* Problem to work on *
Copy every line from the records that holds the word "those".

···

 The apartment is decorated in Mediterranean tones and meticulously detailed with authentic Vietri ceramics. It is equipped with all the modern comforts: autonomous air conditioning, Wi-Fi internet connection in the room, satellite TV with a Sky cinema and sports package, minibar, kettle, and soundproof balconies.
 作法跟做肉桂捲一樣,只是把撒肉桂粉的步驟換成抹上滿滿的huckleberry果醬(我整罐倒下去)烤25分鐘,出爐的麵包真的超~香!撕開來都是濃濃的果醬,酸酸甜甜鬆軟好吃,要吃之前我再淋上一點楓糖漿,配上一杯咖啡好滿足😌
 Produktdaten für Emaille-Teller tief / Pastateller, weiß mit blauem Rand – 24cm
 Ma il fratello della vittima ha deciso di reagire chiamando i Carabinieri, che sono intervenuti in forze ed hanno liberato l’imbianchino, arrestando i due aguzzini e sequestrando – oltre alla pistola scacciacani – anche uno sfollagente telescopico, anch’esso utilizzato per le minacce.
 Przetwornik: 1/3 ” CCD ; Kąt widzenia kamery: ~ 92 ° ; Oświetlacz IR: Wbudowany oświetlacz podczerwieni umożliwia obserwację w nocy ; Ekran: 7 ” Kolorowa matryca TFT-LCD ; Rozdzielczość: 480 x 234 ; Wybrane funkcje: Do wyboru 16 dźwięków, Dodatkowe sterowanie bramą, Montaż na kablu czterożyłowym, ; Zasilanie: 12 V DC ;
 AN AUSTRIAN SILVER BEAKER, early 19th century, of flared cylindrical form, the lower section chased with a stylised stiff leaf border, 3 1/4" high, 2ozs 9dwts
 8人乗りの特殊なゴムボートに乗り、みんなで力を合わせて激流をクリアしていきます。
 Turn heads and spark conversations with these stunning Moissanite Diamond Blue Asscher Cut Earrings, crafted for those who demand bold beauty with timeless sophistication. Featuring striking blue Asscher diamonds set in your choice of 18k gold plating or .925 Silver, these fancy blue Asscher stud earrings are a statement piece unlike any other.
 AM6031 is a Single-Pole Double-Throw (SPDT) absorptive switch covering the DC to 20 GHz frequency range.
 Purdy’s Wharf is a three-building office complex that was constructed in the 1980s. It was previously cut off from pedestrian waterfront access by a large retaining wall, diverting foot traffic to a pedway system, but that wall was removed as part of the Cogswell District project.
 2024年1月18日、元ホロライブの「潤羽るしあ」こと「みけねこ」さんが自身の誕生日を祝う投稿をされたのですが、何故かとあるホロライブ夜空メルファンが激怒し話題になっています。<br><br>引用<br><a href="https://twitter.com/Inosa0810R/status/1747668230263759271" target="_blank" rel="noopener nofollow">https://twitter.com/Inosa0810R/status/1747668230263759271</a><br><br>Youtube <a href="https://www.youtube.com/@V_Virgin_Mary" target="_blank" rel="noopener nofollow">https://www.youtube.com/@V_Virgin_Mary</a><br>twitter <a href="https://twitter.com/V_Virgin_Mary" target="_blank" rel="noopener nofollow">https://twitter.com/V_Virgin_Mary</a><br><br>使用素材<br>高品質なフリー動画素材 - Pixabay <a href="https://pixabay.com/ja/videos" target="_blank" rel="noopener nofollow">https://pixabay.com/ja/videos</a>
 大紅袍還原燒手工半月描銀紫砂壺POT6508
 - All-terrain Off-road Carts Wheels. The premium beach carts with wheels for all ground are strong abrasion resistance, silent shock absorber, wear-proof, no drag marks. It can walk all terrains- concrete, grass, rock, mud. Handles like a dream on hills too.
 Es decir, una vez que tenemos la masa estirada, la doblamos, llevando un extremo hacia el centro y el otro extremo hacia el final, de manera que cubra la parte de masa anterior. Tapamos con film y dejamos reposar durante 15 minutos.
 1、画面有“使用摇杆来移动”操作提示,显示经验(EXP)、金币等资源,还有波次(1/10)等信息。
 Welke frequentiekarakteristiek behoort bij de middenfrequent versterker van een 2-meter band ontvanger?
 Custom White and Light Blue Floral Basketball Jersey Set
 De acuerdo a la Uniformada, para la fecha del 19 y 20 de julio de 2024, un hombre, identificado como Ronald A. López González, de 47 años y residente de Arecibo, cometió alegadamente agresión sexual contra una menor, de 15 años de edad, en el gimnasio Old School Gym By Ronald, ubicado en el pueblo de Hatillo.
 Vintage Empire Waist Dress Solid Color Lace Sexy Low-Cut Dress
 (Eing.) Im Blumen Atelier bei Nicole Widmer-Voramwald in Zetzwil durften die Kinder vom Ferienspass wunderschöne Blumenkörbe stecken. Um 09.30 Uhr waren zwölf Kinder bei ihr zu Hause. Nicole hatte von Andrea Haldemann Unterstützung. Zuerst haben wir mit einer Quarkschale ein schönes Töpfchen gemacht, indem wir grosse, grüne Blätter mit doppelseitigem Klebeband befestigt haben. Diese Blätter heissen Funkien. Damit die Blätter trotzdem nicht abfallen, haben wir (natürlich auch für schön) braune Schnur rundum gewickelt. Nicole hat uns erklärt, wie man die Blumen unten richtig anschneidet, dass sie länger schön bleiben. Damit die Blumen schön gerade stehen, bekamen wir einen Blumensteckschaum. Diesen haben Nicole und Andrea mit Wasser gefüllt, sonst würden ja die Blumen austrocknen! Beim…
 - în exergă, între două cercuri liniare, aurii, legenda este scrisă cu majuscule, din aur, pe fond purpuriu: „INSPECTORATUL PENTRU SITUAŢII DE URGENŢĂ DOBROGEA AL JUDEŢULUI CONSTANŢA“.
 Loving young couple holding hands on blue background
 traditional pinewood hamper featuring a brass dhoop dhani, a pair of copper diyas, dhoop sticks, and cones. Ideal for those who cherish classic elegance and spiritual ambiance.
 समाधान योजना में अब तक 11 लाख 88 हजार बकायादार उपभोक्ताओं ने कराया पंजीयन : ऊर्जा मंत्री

···

* Exercise answer *
 Turn heads and spark conversations with these stunning Moissanite Diamond Blue Asscher Cut Earrings, crafted for those who demand bold beauty with timeless sophistication. Featuring striking blue Asscher diamonds set in your choice of 18k gold plating or .925 Silver, these fancy blue Asscher stud earrings are a statement piece unlike any other.
 traditional pinewood hamper featuring a brass dhoop dhani, a pair of copper diyas, dhoop sticks, and cones. Ideal for those who cherish classic elegance and spiritual ambiance.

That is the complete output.